[Message Prev][Message Next][Thread Prev][Thread Next][Message Index][Thread Index]
Re: Looking for a color multiplexer or sequencer with PIP
Roland wrote:
> How much degraded signal would you get that way. It sounds like he is using
> upper channels so what about tilt or impedance mismatch altering the quality
> on the community channel?
I'd think degradation would be minimal... normal signal flow would be camera ->
modulator, or camera -> MUX/switcher -> modulator... at worst this is camera ->
switcher -> MUX -> modulator. Considering they're showing what I assume to be
only "infomercial"-type content on the main screen, and no doubt relatively
cheap security cameras in the PIP, I don't think it would be an issue.
Matching/stabilizing the signal might be an issue, but there you're getting way
beyond my level of expertise.
Of course, the other solution would just be a second modulator: put the
community feed on one high-band channel, the switched cameras on another.

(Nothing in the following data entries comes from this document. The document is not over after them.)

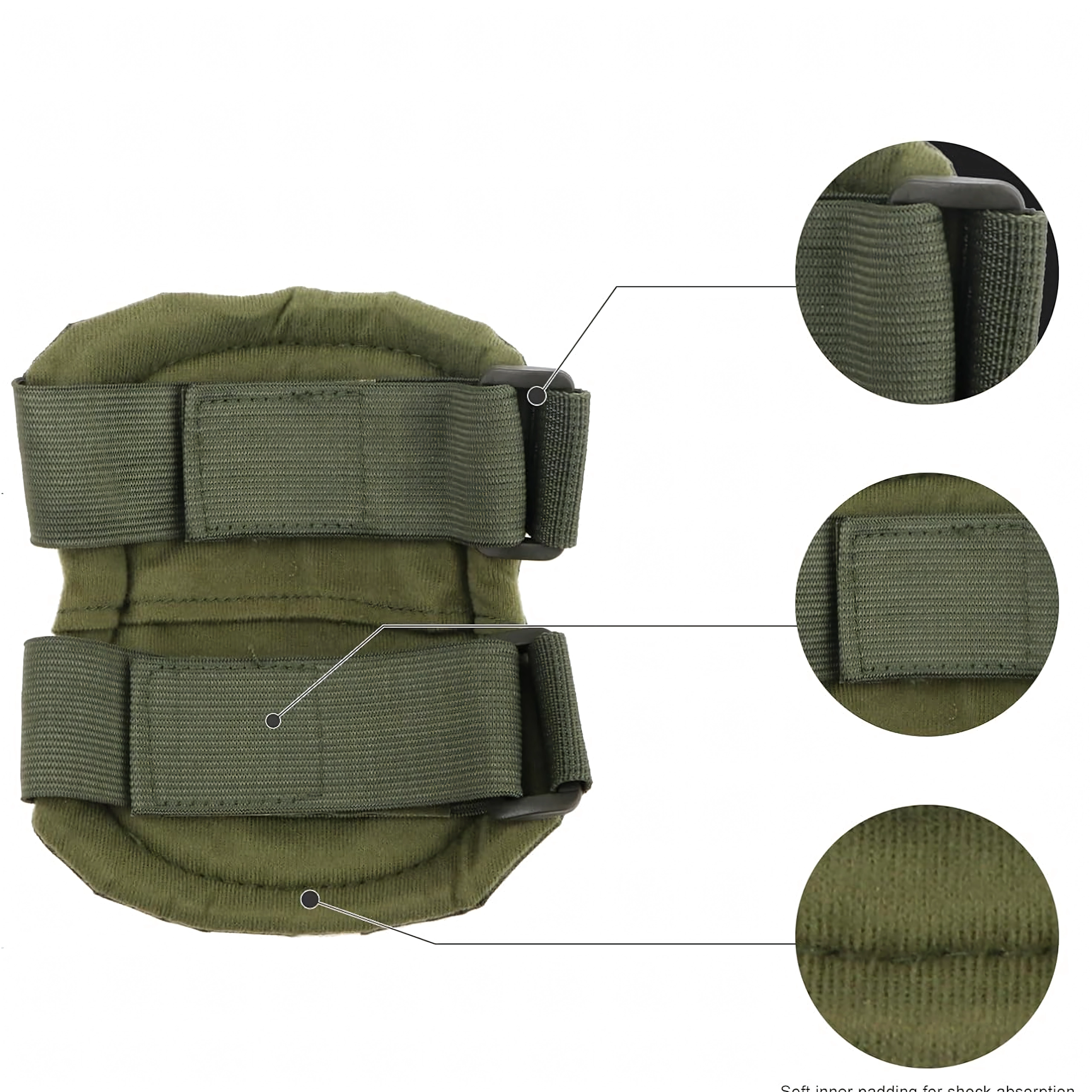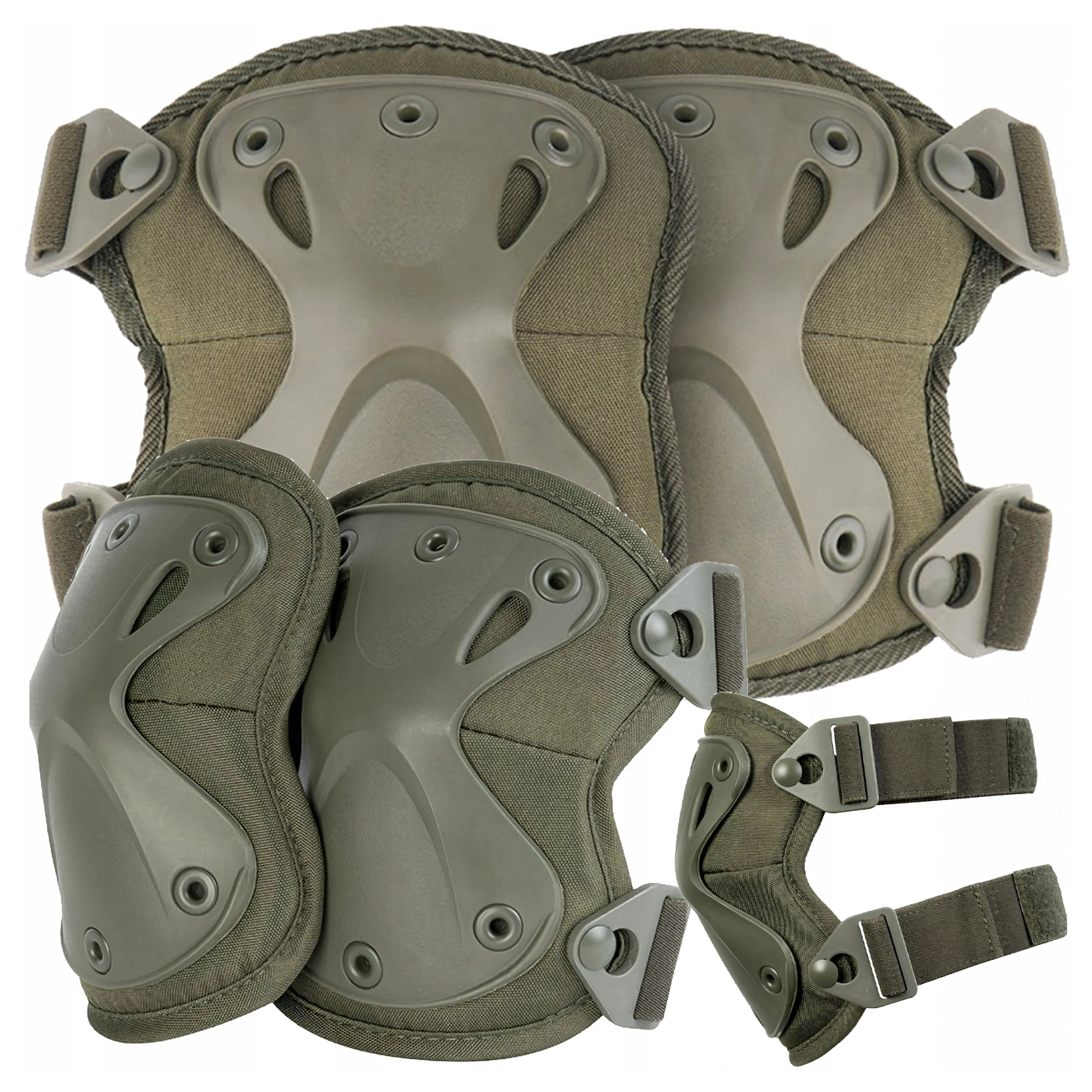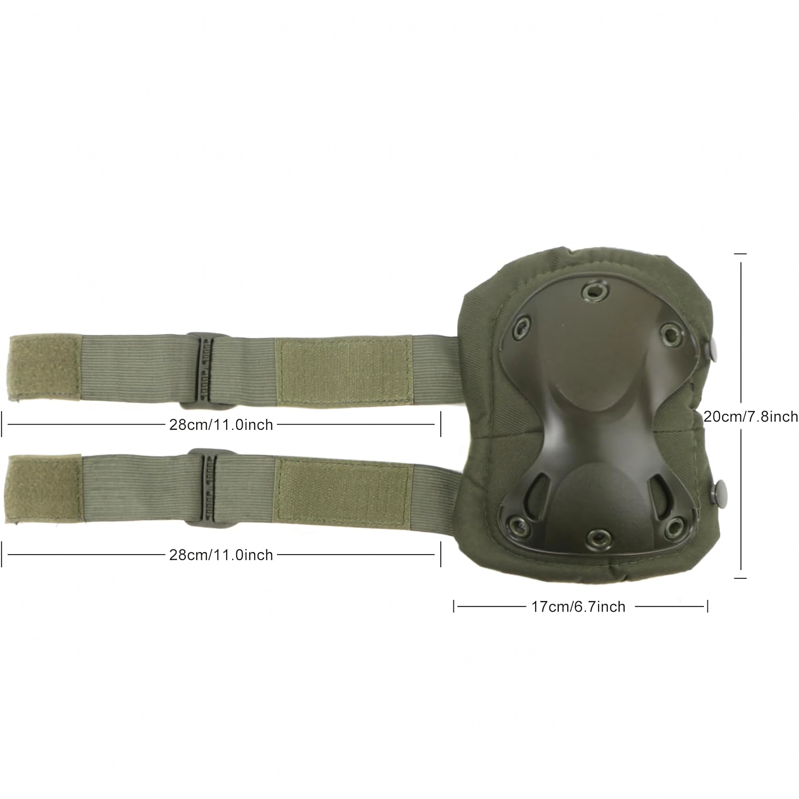 Apsaugos tvirtinamos elastiniais dirželiais su galimybe tiksliai priveržti. Knuiedyta jungtis padidina atsparumą išplėšimui, o greito užsegimo sagtelės leidžia žaibiškai užsidėti ir nuimti neperreguliuojant dirželių ilgio. Tinka airsoftui, dažasvydžiui, dviračiams, riedėjimui/paspirtukui/riedučiams, veiklai lauke ir lengviems darbiniams darbams.
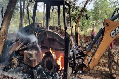 लेवी नहीं देने पर निर्माण कार्य में लगे JCB को नक्सलियों ने किया आग के हवाले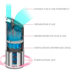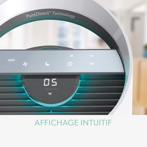 Trois vitesses de ventilation adaptent son usage : le mode bas conserve un niveau sonore modéré (65 dB max), pratique pour les nuits ou les espaces calmes. Les commandes tactiles simplifient l’ajustement, tandis que la technologie PureDirect répartit l’air purifié uniformément. Certains utilisateurs notent toutefois que le bruit devient perceptible aux vitesses supérieures.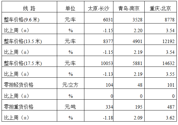 分車型看,各車型指數環比略微回升。其中,整車指數為1027.02點,比上周回升0.09%;零擔輕貨指數為1020.17點,比上周回升0.01%;零擔重貨指數為1026.09點,比上周回升0.09%。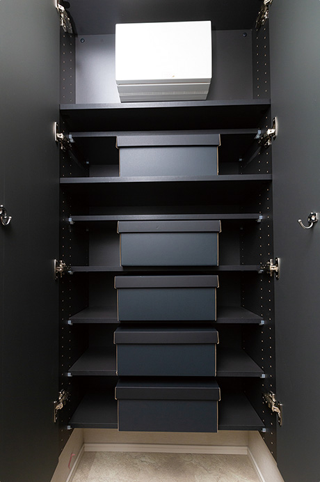 玄関には、トール型下足入れを設置。季節により使用頻度がかたよる靴もしっかり整理できます。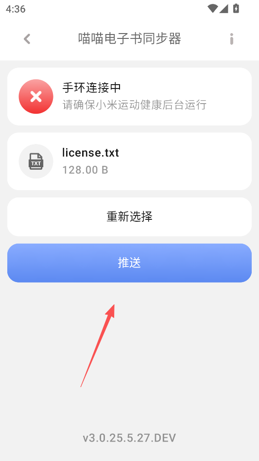 极简两步操作:打开应用后,只需先连接手环,再选择TXT文本文件,即可完成整本书的推送与同步,没有复杂的设置与冗余按钮,老用户和新手都能轻松搞定。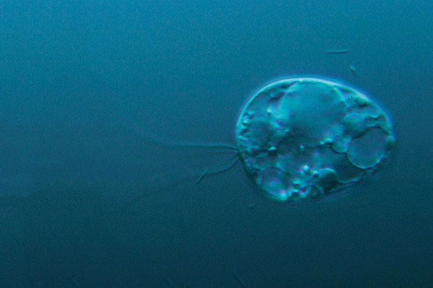 Nó có 4 roi, là bộ phận giống mái chèo có tác dụng đẩy cơ thể về phía trước, và chỉ có thể quan sát được bằng kính hiển vi với chiều dài cơ thể 30-50 micromét (1 micromét bằng một phần triệu mét).

Personally, I think having the six switching cameras is an even bigger nightmare
if you want the tenants to be able to view any or all of them as "who's at the
door" shots... "Uh, you'll have to wait a few seconds before I can let you in,
the cameras have to cycle through until I can see you..." Six cameras on, say,
a 3-second dwell, if you JUST miss the one you need, it's another 15-16 seconds
before it comes around again. "Yeah, I know it's a torrential downpour out
there, just gimme another 10 seconds..."
We looked at an install for one highly-wired, gen-x-populated condo tower once -
since they wanted a DVR anyway, we suggested jacking it into the building's
planned internet provision for all the tenants, and set up a web client that
would let any tenants using the building's internet feed, to select any of the
public cameras they'd want to view at any given time. Never did hear back from
them, dunno what they ended up doing...
> "Matt Ion" <soundy106@xxxxxxxxx> wrote in message
> news:TexOh.83687$zU1.69009@xxxxxxxxxxxx
>
>>My first thought is that any basic multiplexer, even a 4-channel simplex
>>type, or maybe even a some quad boxes, will give you a usable PIP display:
>>take the output of your sequencer with the security cameras, run it into
>>one input of the MUX, then run the community channel into a second input
>>on the MUX, set the MUX to display the community channel with the
>>sequencer's feed in the PIP window, and feed the MUX's output to the cable
>>modulator.
>>
>>That might be overkill, but it's a solution that SHOULD work based on
>>equipment I'm familiar with. You can probably pick up a suitable used
>>quad or MUX for relatively cheap.
>>
>>Roland Moore wrote:
>>
>>>I am not sure, but I think PIP is a function of the TV or monitor itself.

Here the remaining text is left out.